After the keyed locations the book has two custom classes. The first, the Transfiguration Host, can be found living with The People described earlier in the module. It’s essentially a living host for a worm, which evolves slowly as it levels up. The second, the Shaman, is a remix of the Cleric class from Lamentations of the Flame Princess, with a few d6 tweaks that you roll on level-up. Finally are the monster statblocks, a bit more artwork, and a description of The Corpse Pile, a central mass of corpses that wanders the swamp and adjusts the random encounter table. Unfortunately, neither encounter table mentions the corpse pile specifically, which is a shame, as it can drastically change the outcomes of what the players encounter in the swamp and it’s located at the very end of the module.

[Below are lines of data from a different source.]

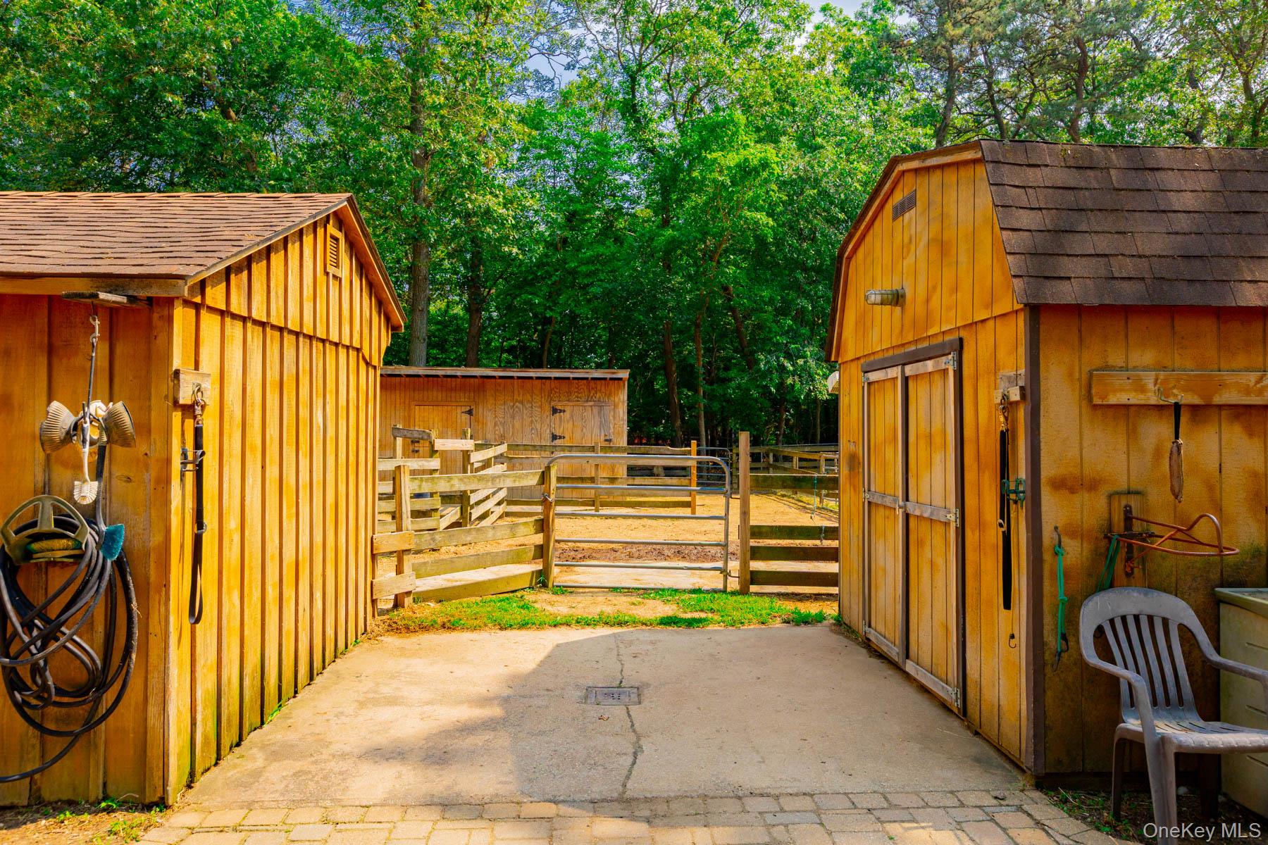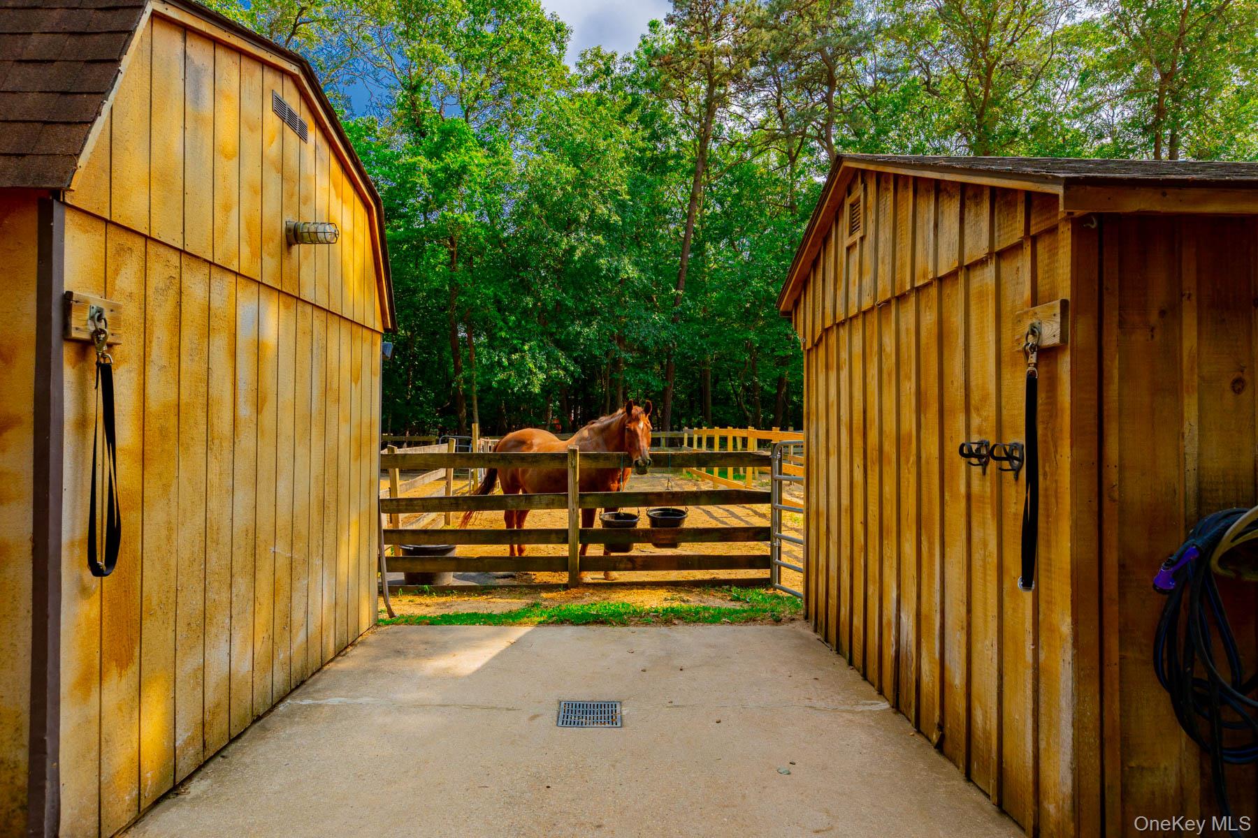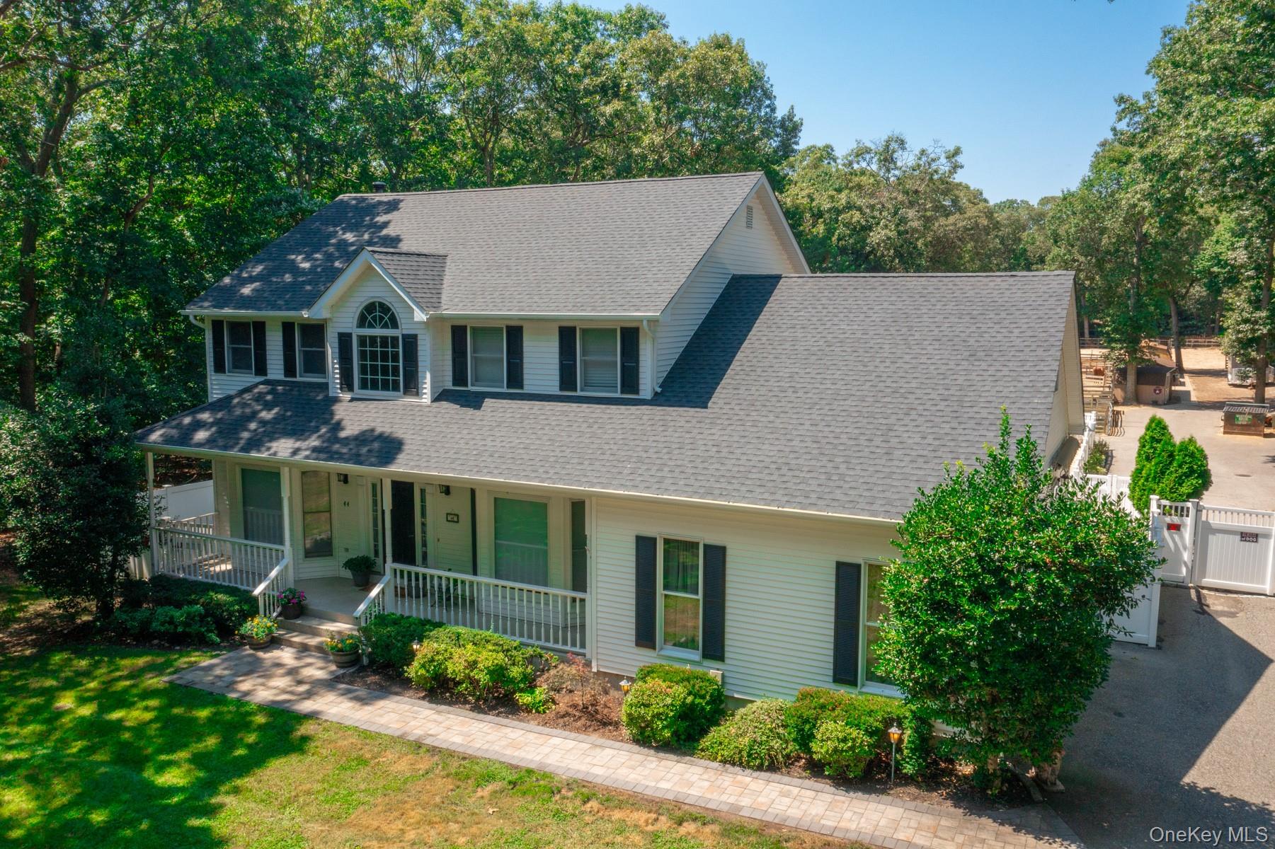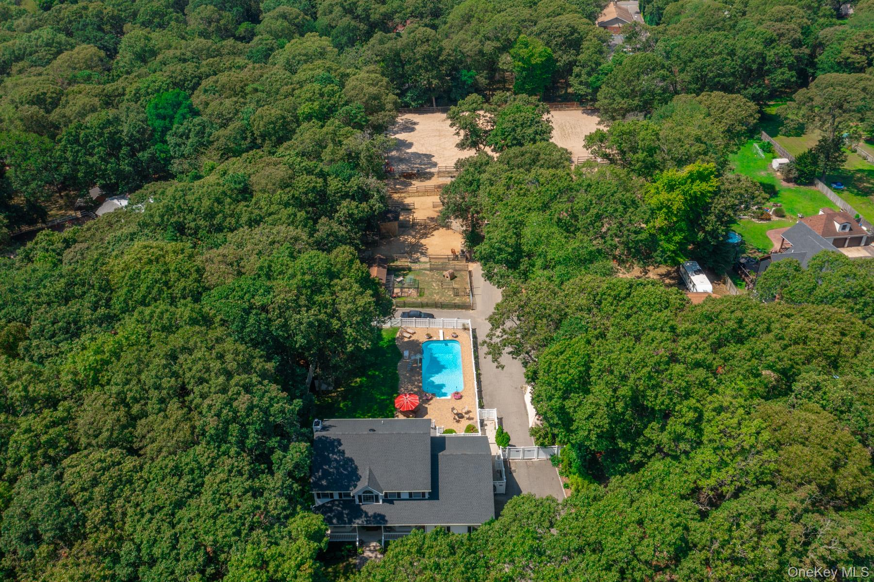 Welcome to 44 Croft Lane located in the Smithtown Pines section of Smithtown! A stunning Colonial built in 1999, ideally situated on 1.35 Acres in the heart of horse country. This exceptional property is adjacent to Byldenburgh Park, offering direct access to miles of scenic riding and hiking trails. Step inside to a grand 2 story foyer that leads to a formal living room and formal dining room. The spacious eat in kitchen features stainless steel appliances, a butlers pantry, and flows into a cozy den that is perfect for relaxing or entertaining. Additional 1st floor highlights include a laundry room, mudroom and powder room. The Expansive primary ensuite includes walk in closets ,a full bath, and a large bonus room ideal for a home office or nursery. Two additional generously sized bedrooms and a full bath complete the 2nd floor. Hardwood floors run throughout, and storage is abundant with tons of closets. The full finished basement provides flexible guest space or recreational areas. Additional features include a 2 car garage, 4 zone oil heat, 2 zone central air, and 6 zone in ground sprinklers. Enjoy Summer in the beautiful 18X36 heated salt water pool surrounded by paver patio all within a fully fenced yard. This unique equestrian property is zoned for 3 horses with each stall offering in and out paddocks, heated Nelson automatic waterer's, a 100X110 lit sand riding arena with new footing, a tack room, 4 ton hay barn, wash stall with hot water, and 4 new frost free hydrants. Updates include Brand new roof, gutters, shutters and storm doors installed August 2025. True taxes $21,953. This is the one you have been waiting for!~
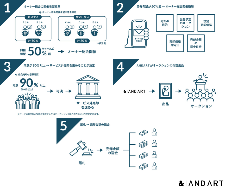 オーナー総会で50%超(総枠数の50%超の枠数)の賛成が得られた場合、共同保有作品のサービス外売却を進めることが決定され、ANDARTが代理でオークションに出品いたします。
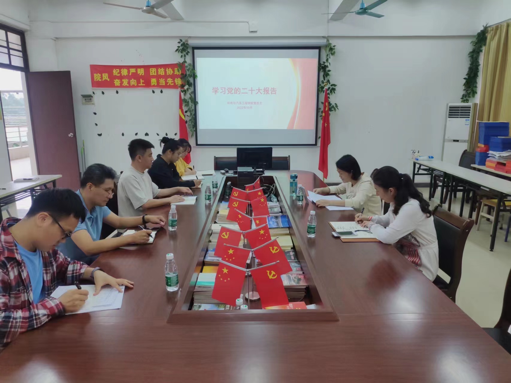 10月24日,皇冠welcome体育登录入口党总支召开线上线下专题会议传达学习党的二十大精神 ,深刻领悟党的二十大精神,研究学习贯彻落实措施,学院全体党员参加,学院党总支书记黄邦姬领学党的二十大精髓,各个党员纷纷做学习分享和发言。
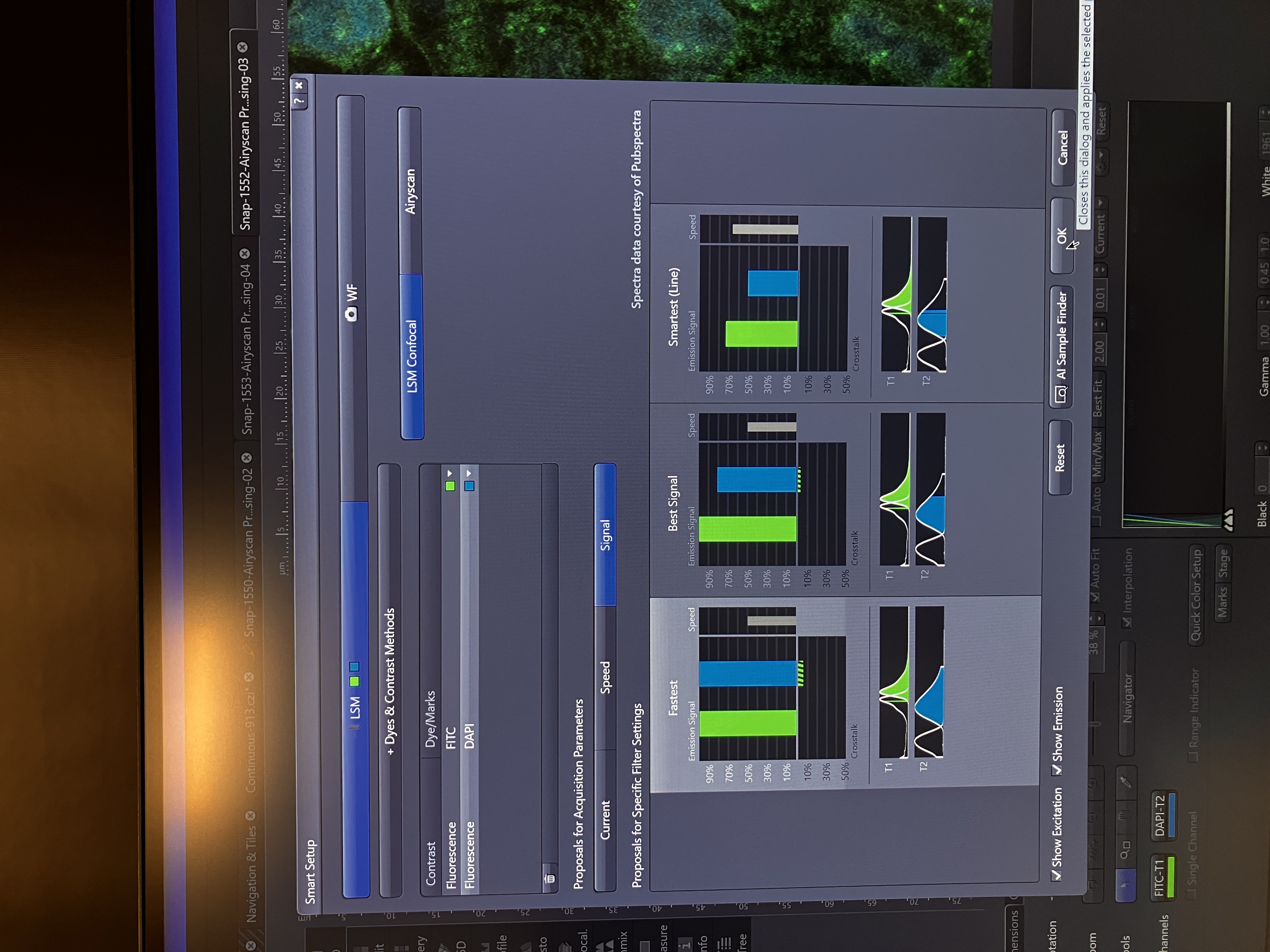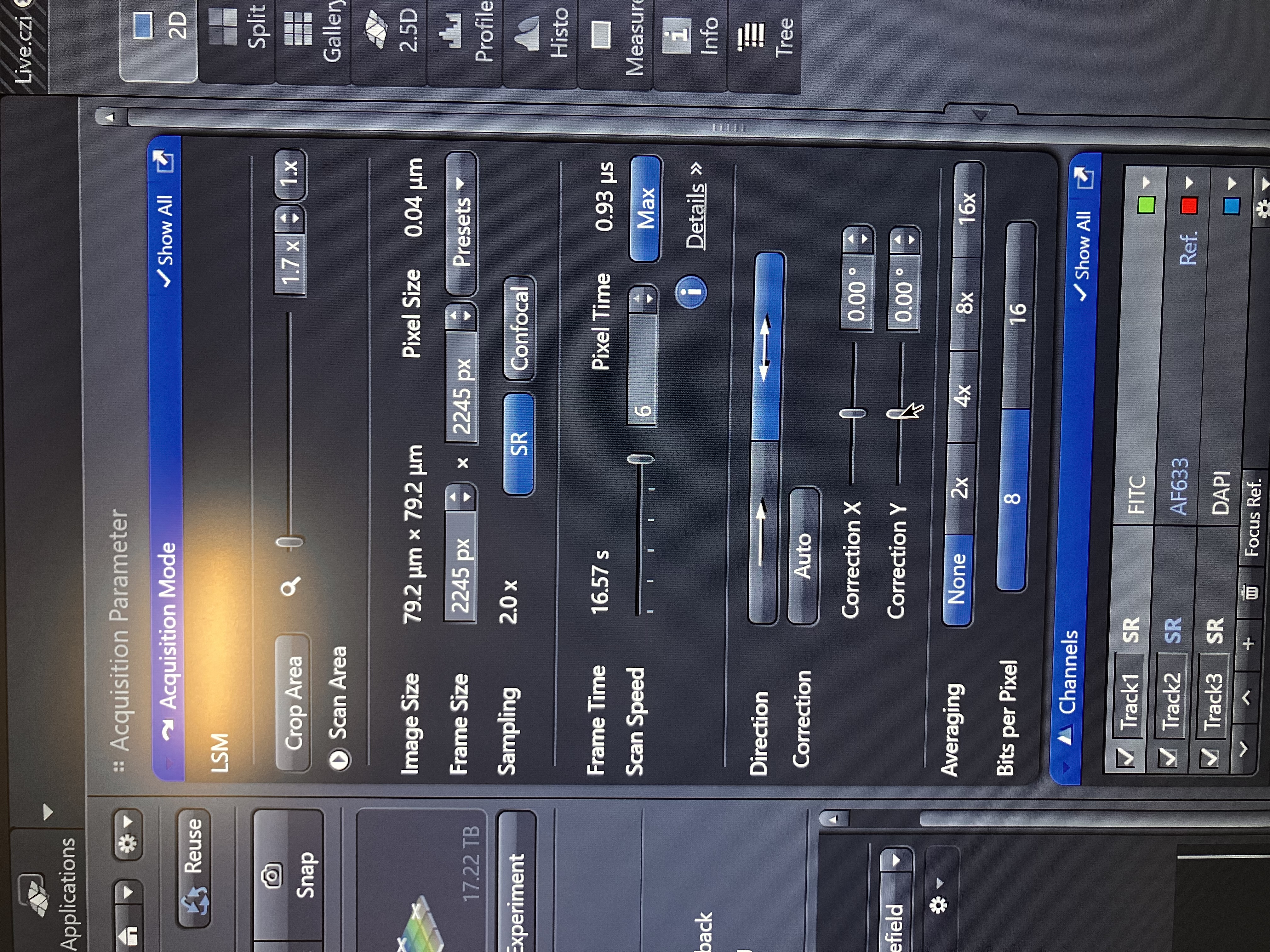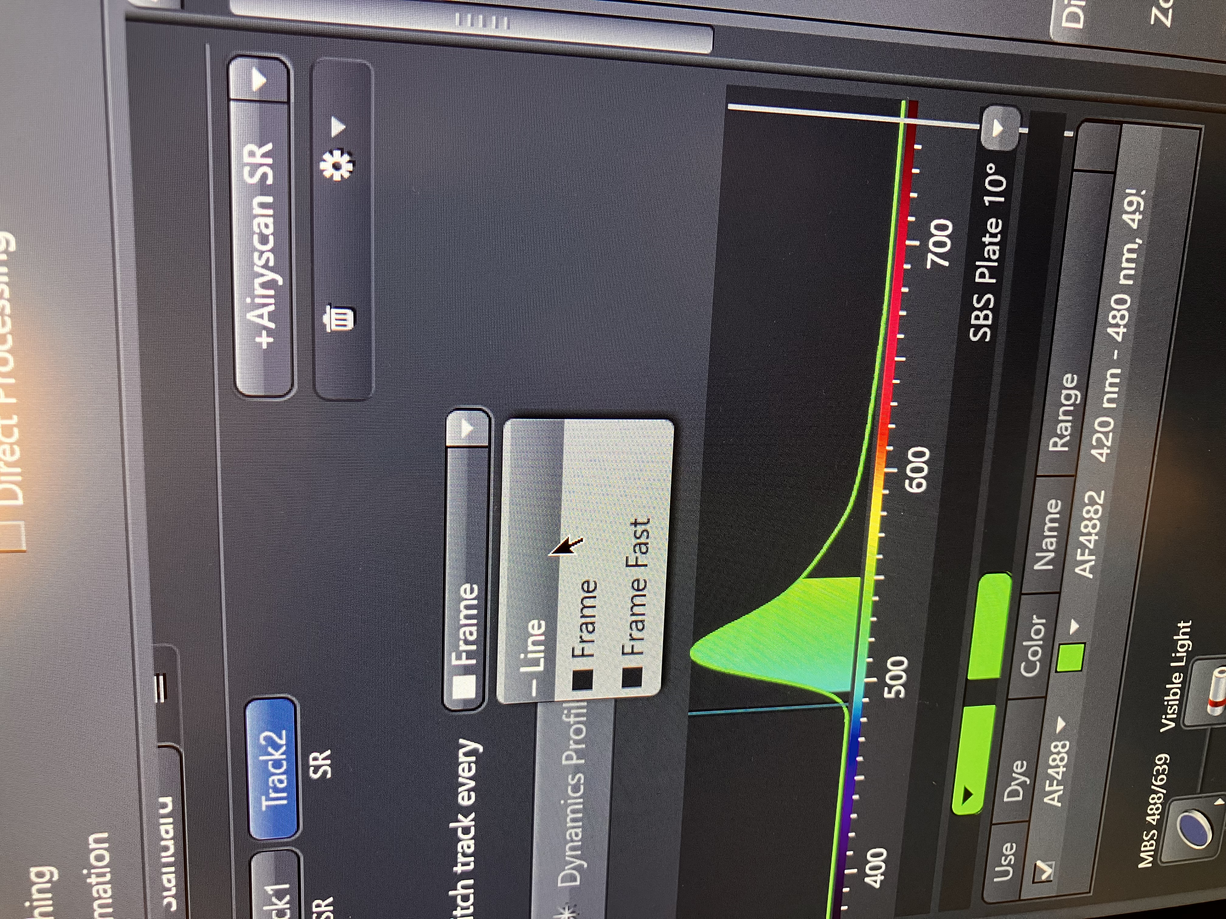 Note that any time Airyscan is used, it is implied that sequential acquisition takes place. This means that light from each track is imaged one track after the next, since each track requires its own Airyscan alignment. Thus, the Airyscan imaging process can be slow if one does not set up an acquisition scheme that is logical.
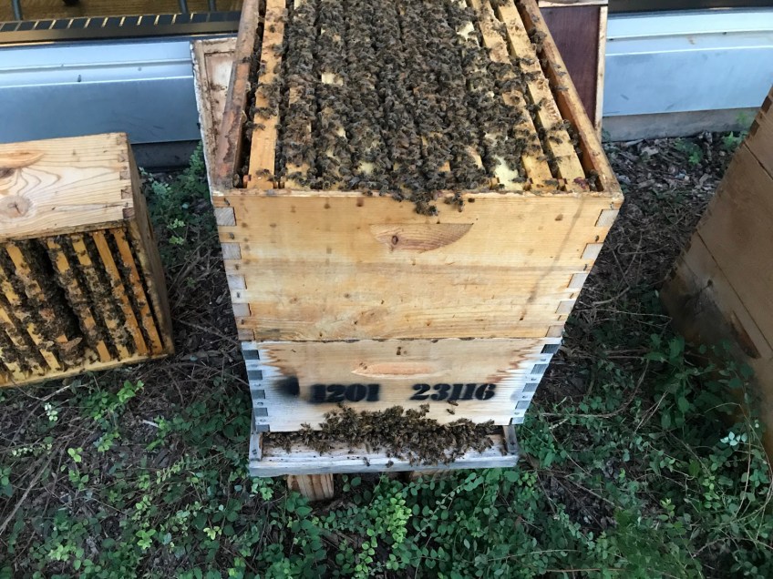 Published November 29, 2017 at 1600 × 1200 in Ben Whisenant Hive boxes opened for inspection at the Health Sciences Library (Photo by Henry Allen). Like Loading...
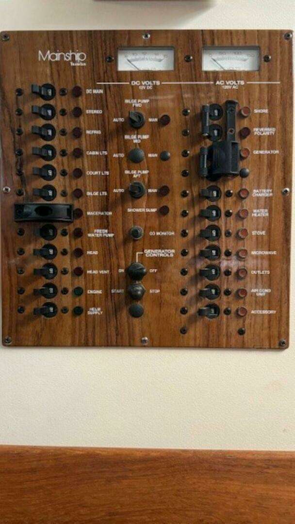 Providence is driven by a single Yanmar 6LYA-STE producing 370 horsepower, coupled to a direct-drive bronze propeller. Her proven performance includes efficient long-range cruising with confidence in a wide range of conditions. Electrical power is handled by a dual-battery setup with ProSeries charger, supported by a 5kW diesel generator for off-grid comfort. Shore power is 30-amp, making marina connections simple and reliable. Heating and cooling are provided by a 16,000 BTU reverse-cycle system that keeps the cabin comfortable year-round.
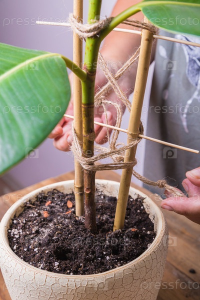 Женщина привязывает веревкой к цветку фикуса опору. Цветоводство. Крупный план

Fever Swamp is, overall, an excellent addition to one’s OSR collection of supplements. It can function as a by-the-hip improvisational module for an experienced referee, but will take some significant prep work for those less comfortable with that style of play. It works best as a toolkit, leveraging what is inside to build out one’s own swamp and its denizens. It does have issue with length and the usability of those pages included. Within twenty-six pages you have four devoted to character classes, one that’s a repeat of the encounter table, two devoted to copyright and contents, two devoted to inhabitants that may never appear, and five encompassing a dungeon that can explode if the players touch the wrong thing - fourteen pages total, or over half the content of this module. This may seem a strange thing to harp on, until you get to the price. Fever Swamp clocks in at $27 - that’s over a dollar a page for this exquisitely printed, yet expensive book - plus shipping and handling.